But, just as the ancient Greeks worshipped their heroes, so did I. Antigone just about blew my mind (and even if I didn’t want to end up the way she did, you better believe I looked at the way she stood up to her uncle and cheered and wished my uncle were half so awful so that I be that cool). And the monsters? The Harpies can hardly fail to inspire your imagination, and in them it is easy to see the hunger, the snatching, selfish NEED that we all must carry somewhere inside us …

When I learned about them, really learned about them, I realized that they didn’t “really” mean to the ancient Greeks what they meant to me. That my use of them, my appropriation of them, wasn’t “authentic.” And as I started to learn more about ancient Greece – and, for example, the meaning of a motherless virgin like Athena who wants nothing to do with power for women – I began to have a great respect for what the world might have looked like for them.

The myths stopped being about me.

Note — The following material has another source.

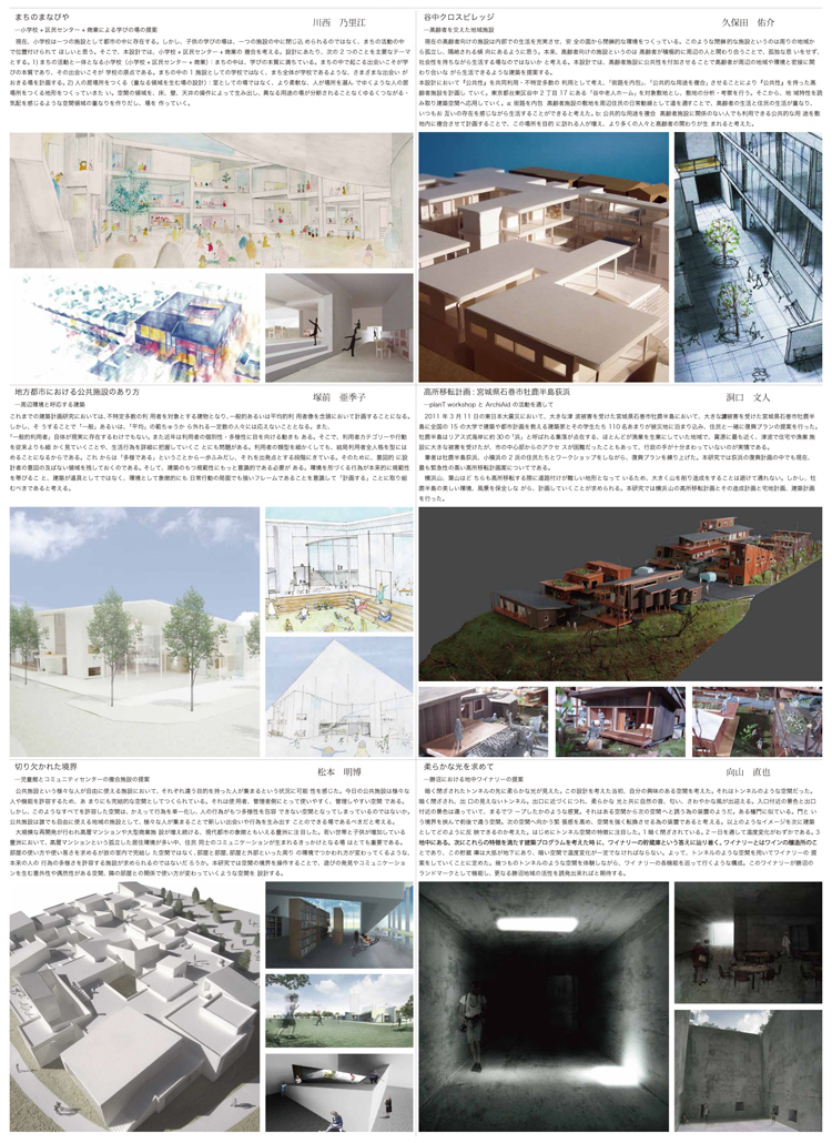 1985年宮城県生まれ。2012年法政大学大学院工学研究科建設工学専攻修了。設計事務所に勤務後、2013年10月より仙台市に入庁し、仙台市都市整備局 都市再開発課に配属。入庁後、スクラップアンドビルドに頼らずに、公民問わず利活用されていない空間を利活用するまちづくりを提案。その後、プロジェクト化し、現在は公民連携型の新しいまちづくり「せんだいリノベーションまちづくり」を行政職員という立場から企画・推進している。また、公民連携型のまちづくりを進めるためには、これからの行政職員は民間をワクワクさせなけれいけないという想いから『せんだい洛中洛外図』を製作。建築設計事務所とは違った立場から建築や都市を考え、市役所職員という立場から、建築家とは違ったアプローチでまちづくりを提案しています。建築学科→設計事務所という枠に囚われることなく、建築学科で培ったスキルを活かすことが出来るという点で、進路に悩む学生や、建築家としてではなく、建物やまちづくりに関わりたいと思っている学生にとってはとても参考になるお話が聞けると思います。下記URLから洞口さんが関わっている活動の詳細も見れます。

And when they did, I stopped having a personal relationship with them. And when that happened, when the mystery about their place in the world was gone, I could not worship them any more. Not even in the little syncretic way I was attempting.

Maybe I should post a disclaimer on my site so that unsuspecting worshippers won’t stumble into relativism and out of their sacred cosmoses.


Comments

2 responses to “The Dangers of de-Mystification”

  1. I can’t agree that your ‘appropriation of Greek Goddesses isn’t authentic’. Oh yes, the records we have today come down to us mostly in male voices, from men who lived in a society that feared and hated women, but are we much different than that today? We women have made some progress in our modern societies, yet we continue to search for strong female images, and yearn to create our own myths in our own voices.

    I don’t believe the myths and characters from ancient Greece were born in a vacuum, but that they were revised, re-written and co-opted from earlier times, changed to appeal to the audience of the day. In much the same way as many stories and figures in the church were borrowed from paganism, or medieval tales such as Beowulf were amended by clerics for a Christianized audience.

    Clarissa Pinkola Estes has a lot to say in Women Who Run with the Wolves about de-constructing myths (in this case fairy tales) and rebuilding them in a more ‘authentic’ way for women and girls, perhaps even closer to their original form.

    So… a reinterpretation for today’s women and purpose is as authentic as the Greek myths were in their time. There is nothing to say we cannot appropriate an Artemis or an Athena and revitalize her for our modern needs.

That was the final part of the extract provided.